One of 17 children from inner city Dublin, the author and playwright Mannix Flynn was eight years old when he went to court for stealing a box of chocolates. At the age of eleven, a court judge sent him to St Joseph's industrial school in Letterfrack, Connemara, run by the Christian Brothers.
St Joseph's was one of a chain of 52 reformatories established in the late 19th century to provide education, training and correction for young offenders. According to the Report of the Commission to Inquire into Child Abuse (known as the Ryan Report) three known abusers were working there at one time.
The Ryan report found that the level of physical abuse at Letterfrack over four decades was, severe, excessive and pervasive, the level of sexual abuse was found to be chronic.

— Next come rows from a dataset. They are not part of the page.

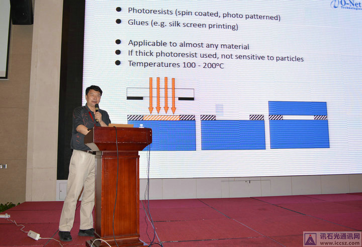 在有關(guān)光通信芯片發(fā)展的演講之后是《光器件封裝發(fā)展趨勢》主題演講,演講者是昂納光通信全球市場推廣副總裁華一敏博士。華博士負(fù)責(zé)監(jiān)管本集團(tuán)光網(wǎng)絡(luò)部之無源光器件、模塊、子系統(tǒng)及放大器,以及自動化及傳感部之激光雷達(dá)(LiDAR)的產(chǎn)品營銷和產(chǎn)品管理,擁有二十幾年行業(yè)經(jīng)驗。華博士提到“為什么要探索晶片鍵合過程?”我們的目標(biāo)是將芯片級封裝推向圓片級,第一是減少功能設(shè)備的空間和成本;第二是提高功能器件的可靠性和成本;第三是構(gòu)建新型功能器件。隨后,華博士在演講主要為我們講到晶片鍵合技術(shù)、晶圓鍵合技術(shù)的比較和芯片級封裝是目標(biāo)這幾大部分。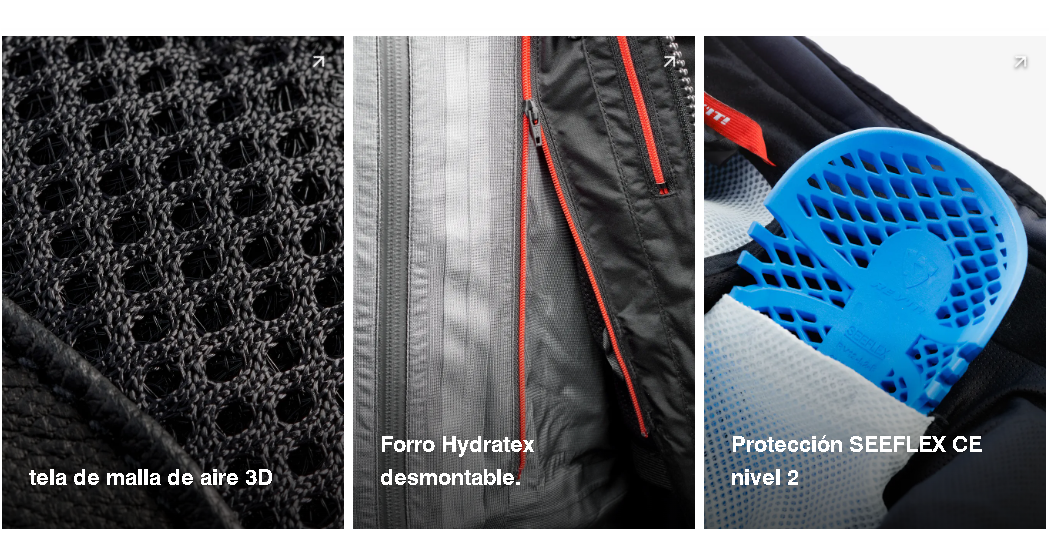 Los grandes bolsillos de almacenamiento en la parte delantera y trasera te permitirán llevar tus elementos esenciales durante el viaje. El Levante 2 H2O viene totalmente equipado con protecciones homologadas SEEFLEX CE nivel 2 en hombros y codos y está preparado para nuestros protectores de espalda y pecho SEESOFT. Varias pestañas de ajuste y correas asegurarán un ajuste perfecto a tu cuerpo.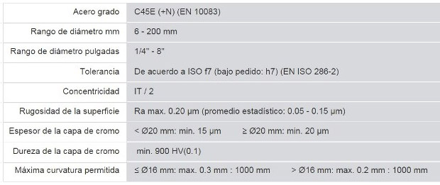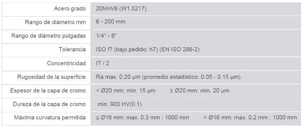 Esta barra es el estándar para aplicaciones hidráulicas, ofrece una excelente superficie y una óptima resistencia a la corrosión.

Revisiting St Joseph's for the first time since his incarceration brings back unwelcome memories for Mannix Flynn.
The whole place was a place of abuse, there wasn’t any sanctuary here and there was no sanctuary in this yard, so it was constant trauma and constant fear of attack.
He is keen for people to know that the abuse he sustained was regular and aggressive and violent.
But it was mainly an act of violence.
While the Ryan report runs to five volumes, it does not bring closure for Mannix Flynn.
This was something that was perpetrated on people, on children, by and large, on vulnerable people by the state.
An RTÉ News report broadcast on 20 May 2009. The reporter is Teresa Mannion.